Выбрать главу

— Не бойся, успею, — тихо сказала бабушка и вздохнула.

А Шуру вдруг стало грустно-грустно. У него так бывает. Вдруг неожиданно накатит, когда не ждёшь. И ещё он заметил, как бабушкины глаза почему-то вмиг постарели.

Среди безоблачного дня в каюте почему-то стало темнеть. Шур сидел, уткнувши нос в страницу книги. Оторвать этот самый нос было трудно: уж очень интересное рассказывали страницы. А темнело быстро. Наконец Шур всё-таки отодрал завязший в тексте взгляд и глянул за окно. Перед ним вместо волжской дали была стена. Сплошная. Серая. Мокрая. С неё стекали вниз крупные капли воды. А главное, эта стена двигалась. Она лезла куда-то вверх.
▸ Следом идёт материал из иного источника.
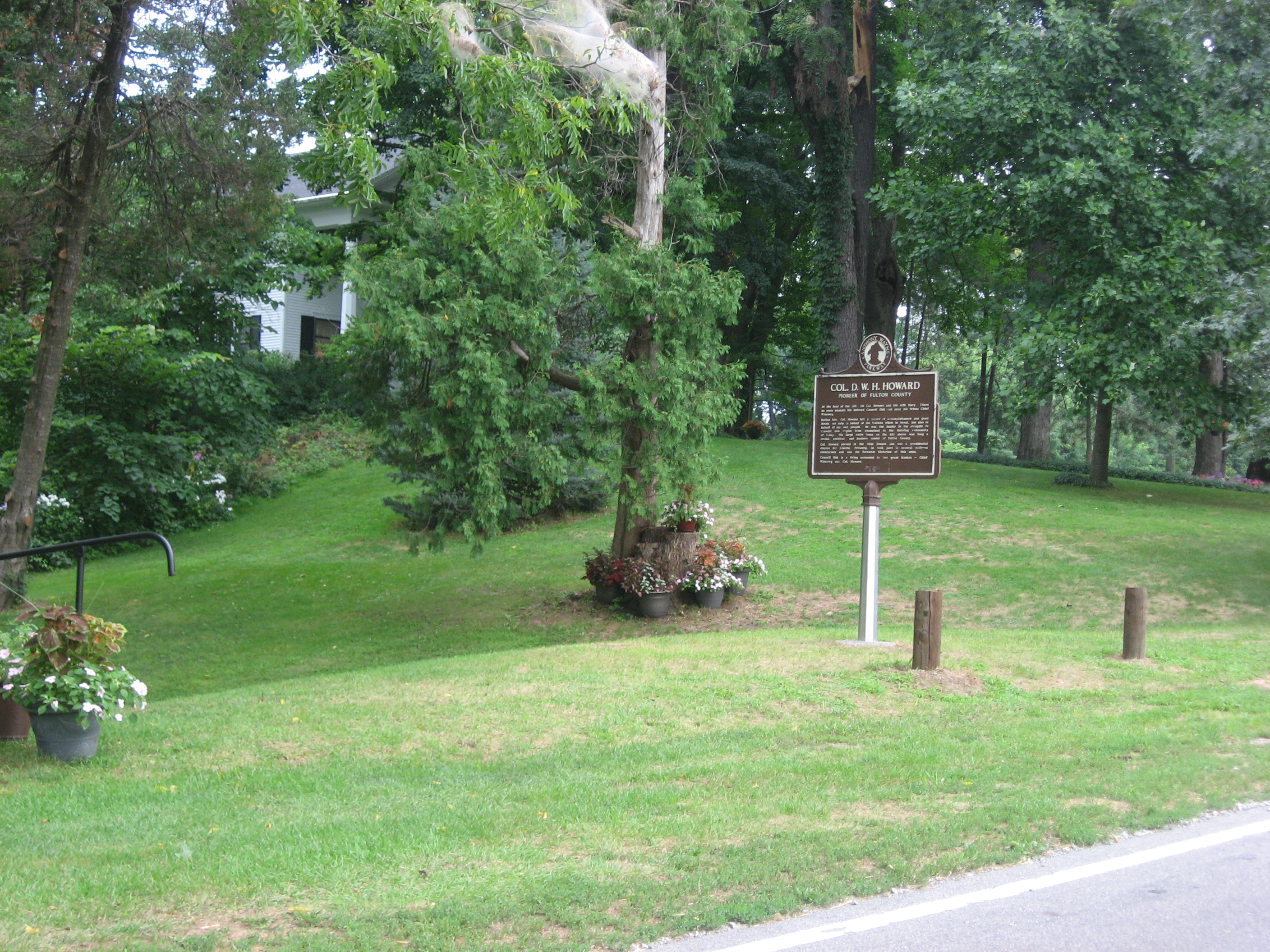 One of the Winameg Mounds, located along County Road 11-2 in Winameg, Ohio, United States. Built by Hopewellian peoples, the mounds are listed on the National Register of Historic Places.

Это было заметно по тому, как огромные, мокрые, прямоугольные плиты, из которых состояла стена, ползли к небу.

Шур в недоумении вытаращил глаза, не веря им, и несколько мгновений оторопело глядел в странную стену. Наяву ли это? Сознание ещё бродило по событиям, которые жили на страницах книги. Но вот, наконец, в голове прояснилось, и Шур с облегчением понял: шлюз! Да они же вошли в шлюз и опускаются вниз. Оставил книжку на столике, не закрывая её, и вылетел на палубу.
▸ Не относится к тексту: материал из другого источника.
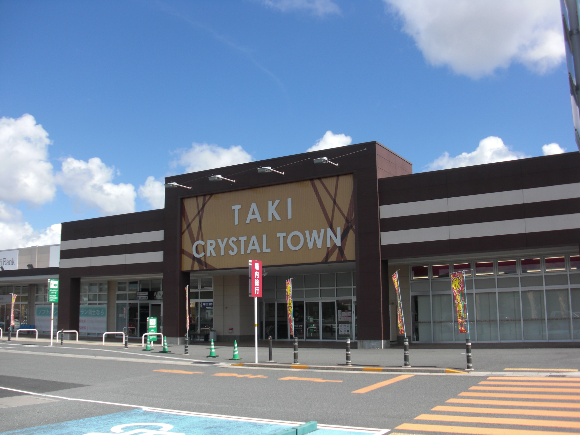 This is a shopping center in Japan.It is called "Taki Crystal Town Shopping Center".

Там было необычно много туристов. Дедушка стоял у люксовского окна и разговаривал с Еленой Ивановной, которая была в каюте.

— Опускаться в шлюзе жутковато, — говорила бабушка, — будто медленно летишь куда-то в преисподнюю.
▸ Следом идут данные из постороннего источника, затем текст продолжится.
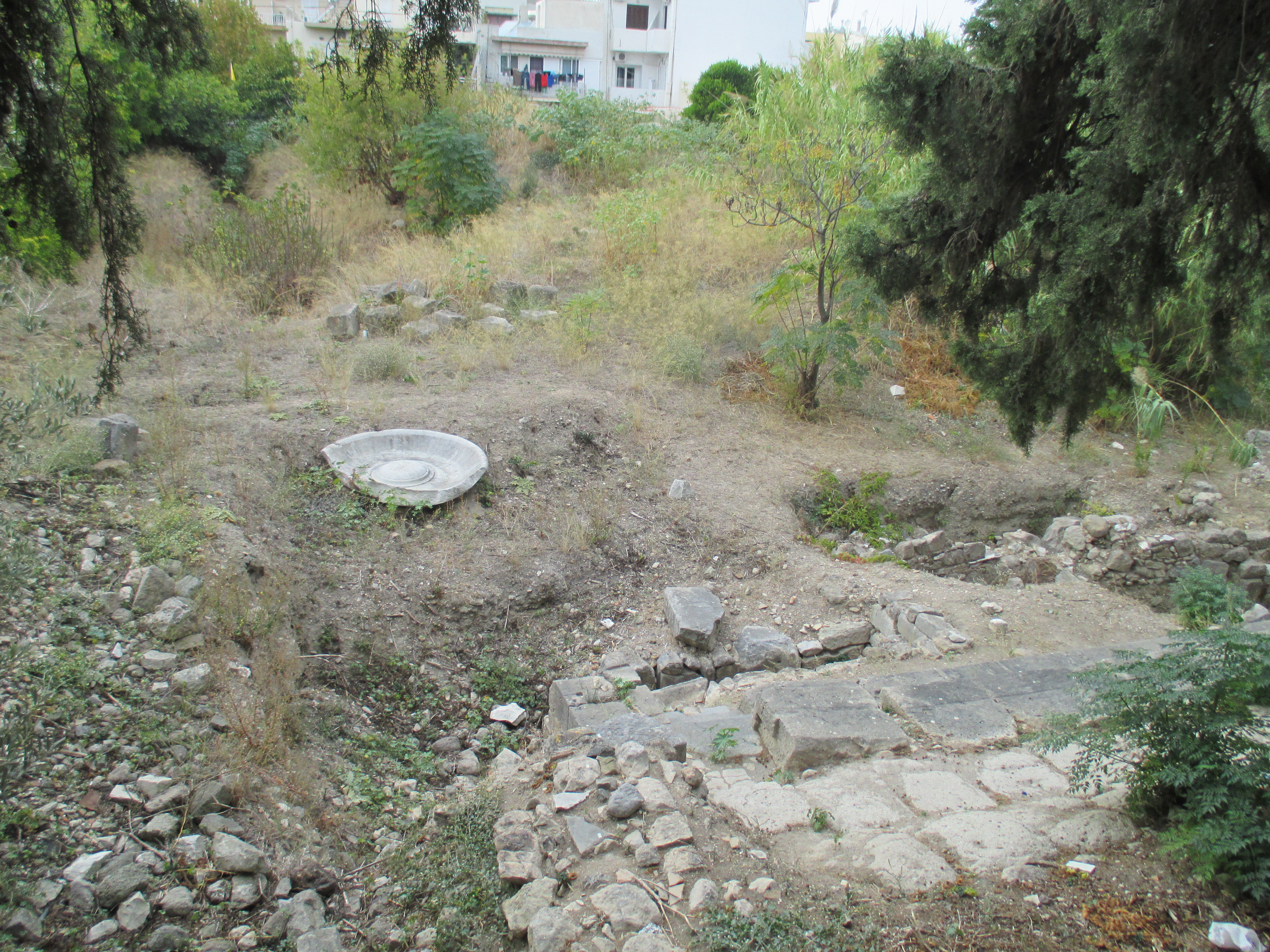 Archaeological area of the Ancient Stadium of Kos. Kos town, Greece.

— Назад пойдём, в небо взмывать будем, — улыбнулся Никита Никитич.

«Что такое со мной творится?» — подумал Шур. Он не узнавал собственного сердца. Почему оно не катилось из груди куда-нибудь? Облокотясь о перила и упёршись взглядом в мокрую стену, стояла Лилия. Рядом Оська с гитарой. Лилия была в двух шагах от Шура. Вот уже в одном шаге, потому что Шур тоже облокотился о перила. От Лилии его отделял только Оська. И его гитара, которую он прислонил к ноге, держа за гриф.

Шур недоумевал, откуда у него такая смелость, взять и подойти? И стать рядом. А серая стена всё ползла и ползла вверх.

— Чего ты расстраиваешься? — говорил ей Оська. — Подумаешь, не сказала тебе, где была? Да тебе-то что? Не обращай внимания. Пойми, у них тут, — он постучал пальцами по голове, — уже распад идёт. Всё расплавилось, сгорело. А ты хочешь чего-то разумного. Говори спасибо, что ходит на своих ногах.

Шур с ужасом понял, что Оська говорит о бабушке Лилии, милой, доброй Елене Ивановне, которая недалеко от них разговаривает с его дедом. Почему Лилия не возражает? Как она терпит такое? У Шура перехватило дыхание.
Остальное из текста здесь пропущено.